**Requirement**
Your job is to retype the whole listing exactly.

**Data supplied**
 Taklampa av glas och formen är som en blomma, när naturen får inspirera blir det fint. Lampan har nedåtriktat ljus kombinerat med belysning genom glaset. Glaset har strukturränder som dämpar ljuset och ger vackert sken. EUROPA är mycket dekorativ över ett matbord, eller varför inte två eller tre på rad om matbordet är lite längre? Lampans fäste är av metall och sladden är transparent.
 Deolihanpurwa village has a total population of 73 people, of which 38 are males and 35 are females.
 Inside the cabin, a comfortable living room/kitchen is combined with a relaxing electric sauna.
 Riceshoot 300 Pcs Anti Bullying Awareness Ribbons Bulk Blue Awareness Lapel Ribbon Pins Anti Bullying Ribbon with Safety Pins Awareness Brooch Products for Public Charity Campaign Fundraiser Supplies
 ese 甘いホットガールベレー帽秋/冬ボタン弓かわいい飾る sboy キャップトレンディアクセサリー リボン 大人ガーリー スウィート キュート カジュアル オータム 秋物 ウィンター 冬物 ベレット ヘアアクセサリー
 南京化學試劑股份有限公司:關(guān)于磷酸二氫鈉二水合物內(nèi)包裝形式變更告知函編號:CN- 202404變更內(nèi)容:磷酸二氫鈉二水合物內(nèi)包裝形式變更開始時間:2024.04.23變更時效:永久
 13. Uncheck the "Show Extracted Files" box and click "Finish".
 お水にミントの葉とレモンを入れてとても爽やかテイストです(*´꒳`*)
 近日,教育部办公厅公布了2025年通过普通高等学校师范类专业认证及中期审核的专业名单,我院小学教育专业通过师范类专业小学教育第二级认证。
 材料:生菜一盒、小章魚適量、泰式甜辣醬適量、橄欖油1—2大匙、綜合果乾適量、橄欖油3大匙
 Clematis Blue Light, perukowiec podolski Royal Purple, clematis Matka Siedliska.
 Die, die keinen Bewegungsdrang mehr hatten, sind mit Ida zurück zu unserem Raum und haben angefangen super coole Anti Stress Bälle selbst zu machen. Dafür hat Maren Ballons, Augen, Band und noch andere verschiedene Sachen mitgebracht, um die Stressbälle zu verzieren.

**Completed exercise**
 Taklampa av glas och formen är som en blomma, när naturen får inspirera blir det fint. Lampan har nedåtriktat ljus kombinerat med belysning genom glaset. Glaset har strukturränder som dämpar ljuset och ger vackert sken. EUROPA är mycket dekorativ över ett matbord, eller varför inte två eller tre på rad om matbordet är lite längre? Lampans fäste är av metall och sladden är transparent.
 Deolihanpurwa village has a total population of 73 people, of which 38 are males and 35 are females.
 Inside the cabin, a comfortable living room/kitchen is combined with a relaxing electric sauna.
 Riceshoot 300 Pcs Anti Bullying Awareness Ribbons Bulk Blue Awareness Lapel Ribbon Pins Anti Bullying Ribbon with Safety Pins Awareness Brooch Products for Public Charity Campaign Fundraiser Supplies
 ese 甘いホットガールベレー帽秋/冬ボタン弓かわいい飾る sboy キャップトレンディアクセサリー リボン 大人ガーリー スウィート キュート カジュアル オータム 秋物 ウィンター 冬物 ベレット ヘアアクセサリー
 南京化學試劑股份有限公司:關(guān)于磷酸二氫鈉二水合物內(nèi)包裝形式變更告知函編號:CN- 202404變更內(nèi)容:磷酸二氫鈉二水合物內(nèi)包裝形式變更開始時間:2024.04.23變更時效:永久
 13. Uncheck the "Show Extracted Files" box and click "Finish".
 お水にミントの葉とレモンを入れてとても爽やかテイストです(*´꒳`*)
 近日,教育部办公厅公布了2025年通过普通高等学校师范类专业认证及中期审核的专业名单,我院小学教育专业通过师范类专业小学教育第二级认证。
 材料:生菜一盒、小章魚適量、泰式甜辣醬適量、橄欖油1—2大匙、綜合果乾適量、橄欖油3大匙
 Clematis Blue Light, perukowiec podolski Royal Purple, clematis Matka Siedliska.
 Die, die keinen Bewegungsdrang mehr hatten, sind mit Ida zurück zu unserem Raum und haben angefangen super coole Anti Stress Bälle selbst zu machen. Dafür hat Maren Ballons, Augen, Band und noch andere verschiedene Sachen mitgebracht, um die Stressbälle zu verzieren.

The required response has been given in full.